In JavaScript the representation of numbers is 2^53 - 1.

However, Bitwise operation are calculated on 32 bits ( 4 bytes ), meaning if you exceed 32bits shifts you will start loosing bits.

Answer 18

In the Google Chrome built-in javascript, you can go to approximately 2^1024 before the number is called infinity.

Answer 19

Scato wrotes:

anything you want to use for bitwise operations must be between 0x80000000 (-2147483648 or -2^31) and 0x7fffffff (2147483647 or 2^31 - 1).

the console will tell you that 0x80000000 equals +2147483648, but 0x80000000 & 0x80000000 equals -2147483648

Hex-Decimals are unsigned positive values, so 0x80000000 = 2147483648 - thats mathematically correct.
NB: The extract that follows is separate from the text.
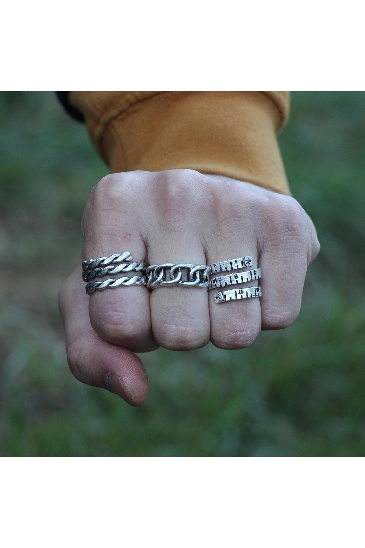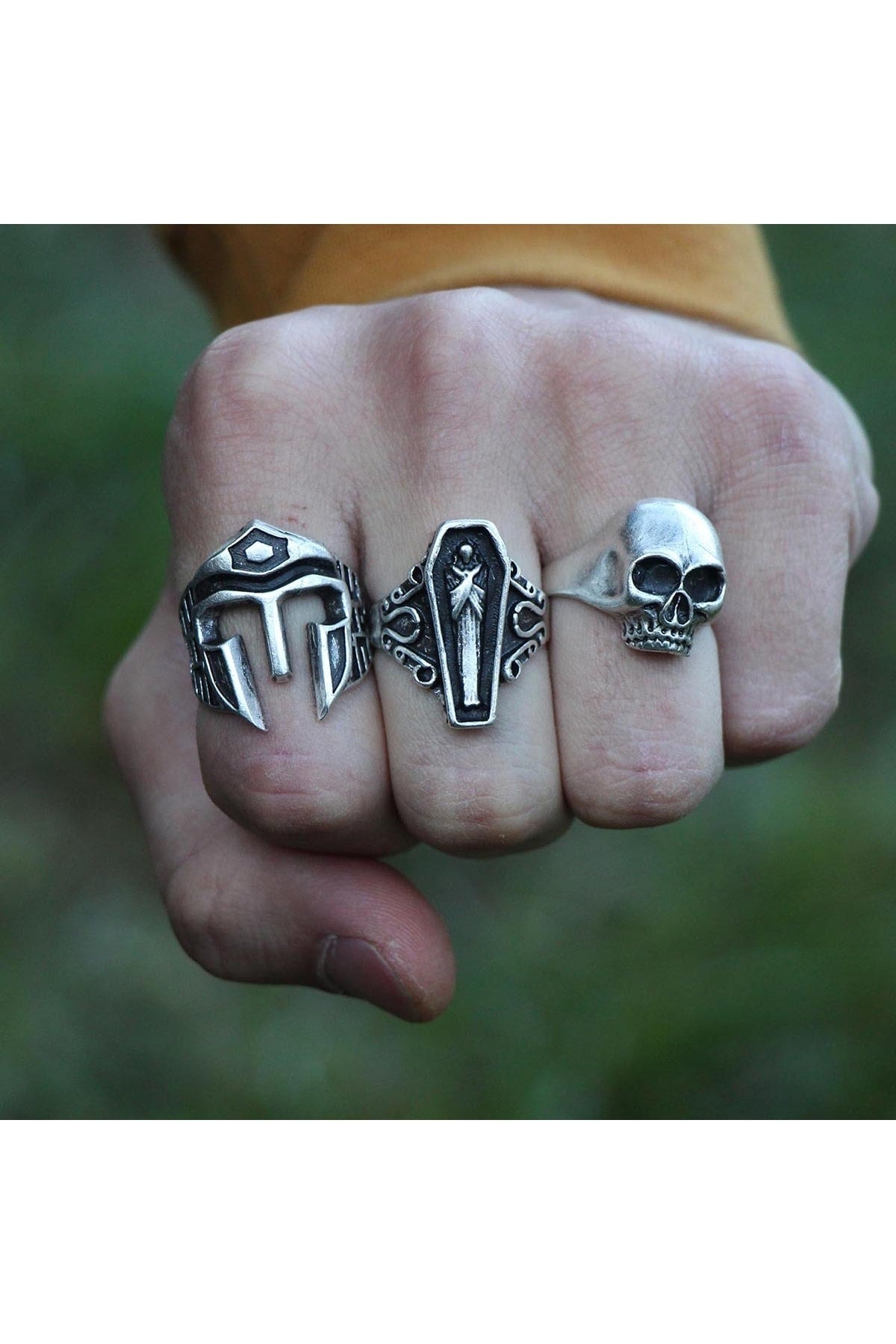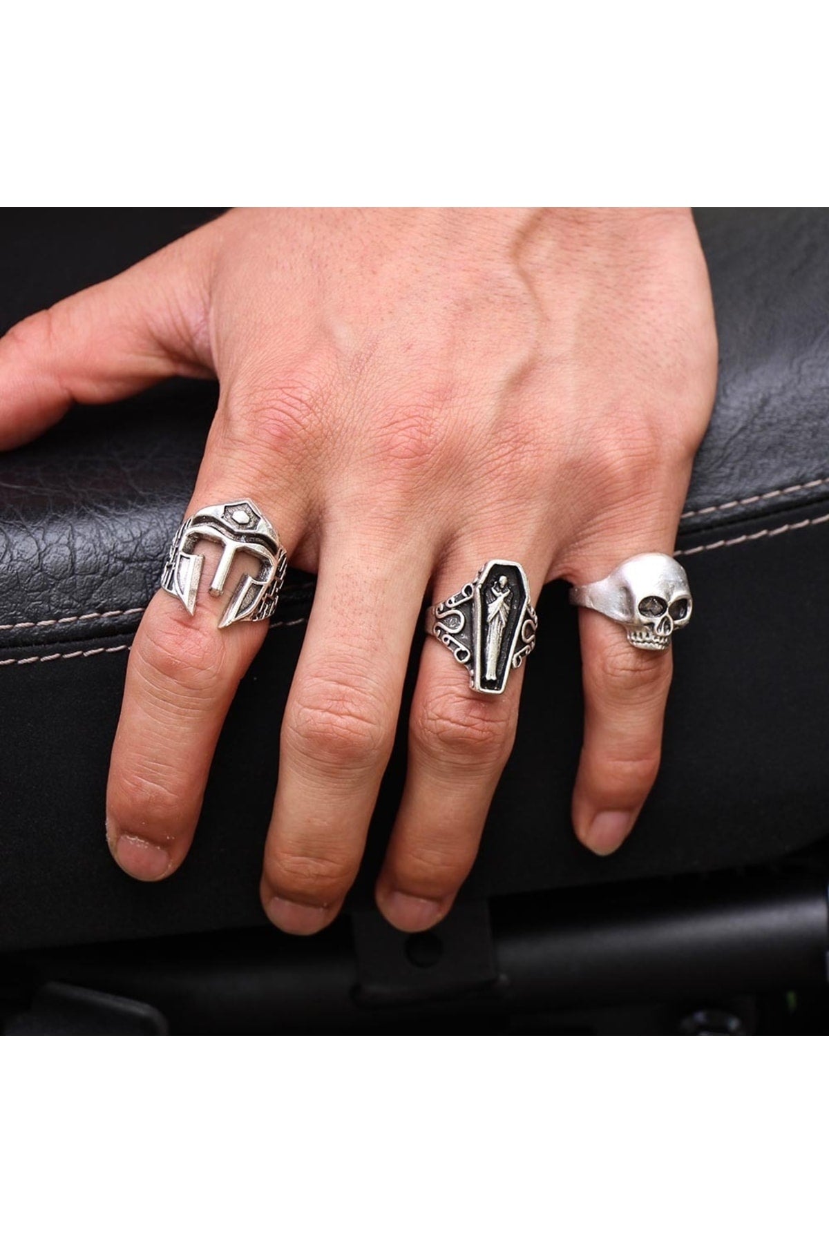 Antique Silver Plated Adjustable Model 3 Piece Men'S Ring Set

If you want to make it a signed value you have to right shift: 0x80000000 >> 0 = -2147483648. You can write 1 << 31 instead, too.

Answer 20

Node.js and Google Chrome seem to both be using 1024 bit floating point values so:

Number.MAX_VALUE = 1.7976931348623157e+308

Answer 21

Firefox 3 doesn't seem to have a problem with huge numbers.

1e+200 * 1e+100 will calculate fine to 1e+300.

Safari seem to have no problem with it as well. (For the record, this is on a Mac if anyone else decides to test this.)

Unless I lost my brain at this time of day, this is way bigger than a 64-bit integer.